2.1.2 account，container 和 object auditor

功能：

swift-account-auditor 會打開 account server 的 sqlite db，運行 SQL 查詢，確保 db 是有效的，並報告一個account 是否有 replica 缺失或者錯誤的對象。
swift-container-auditor 會對 containers 做同樣的事情.
swift-object-auditor 會打開一個對象服務器上的所有對象，確保它們的元數據是正確的，而且有有合適的大小和 MD5

它們都必須在各自對應的服務的配置文件中的 [account/object/container-auditor] 部分做相應配置，然后它們就會定期運行，並輸出日志。

2.2 集群監控狀態獲取工具 swift-dispersion-populate 和 swift-dispersion-report

這兩個工具用於獲取和報告集群的總體健康狀態。它需要訪問Swift 集群以及 Ring 文件。它需要一個自己的配置文件，往往把該配置文件放在 proxy server 上的 /etc/swift 目錄下。

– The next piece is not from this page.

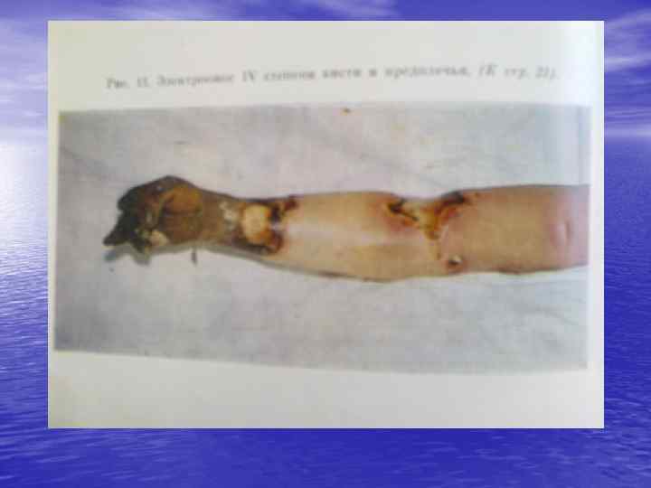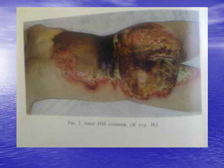 По А. В. Вишневскому, Г. Д. Вилявину, М. И. Шрайберу • • • 1 ст. -гиперемия кожи(эритема) 2 ст. отслойка эпидермиса с образованием пузырей 3 Аст. -омертвение поверхностных слоев кожи до сосочкового слоя с сохранением волосяных луковиц, потовых и сальных желез(заживление без рубцевания) 3 Б ст. -некроз всей толщи кожи(заживление с рубцеванием) 4 ст. -некроз кожи и расположенных ниже тканей(фасции, мышцы, сухожилия, кости)с обугливанием.
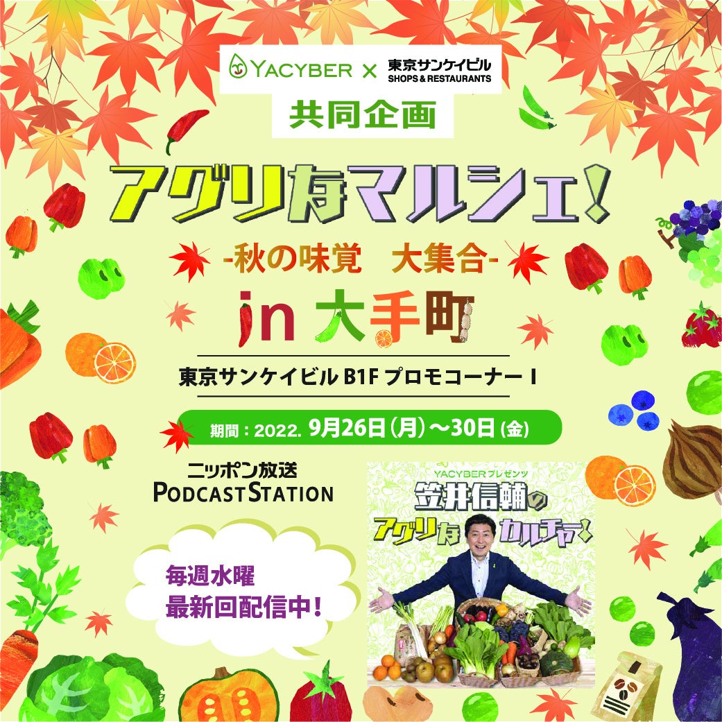 食欲の秋、1週間限定オープン!YACYBER株式会社は『アグリなマルシェ - 秋の味覚 大集合 - IN 大手町』 を東京サンケイビル B1 プロモコーナー Iにて出店いたします。

（1）創建配置文件 /etc/swift/dispersion.conf ：

[dispersion]

auth_url = http://controller:35357/v3
auth_user = service:swift
auth_version = 3
auth_key = 1111
swift_dir = /etc/swift
concurrency = 25
retries = 5

該配置文件的詳細說明可以參見 Ubuntu 文檔。注意 Kilo 版本的 Swift 環境中需要添加配置項 auth_version。

（2）運行 swift-dispersion-populate 去獲取系統的健康狀況，它和 swift-dispersion-report 使用同一個配置文件。詳細說明可以參見 Ubuntu 文檔。

root@swift1:/etc/swift# swift-dispersion-populate dispersion.conf
Created 10 containers for dispersion reporting, 0s, 0 retries
Created 10 objects for dispersion reporting, 0s, 0 retries

（3）運行 swift-dispersion-report 獲取監控報告。詳細說明請參加 Ubuntu 文檔。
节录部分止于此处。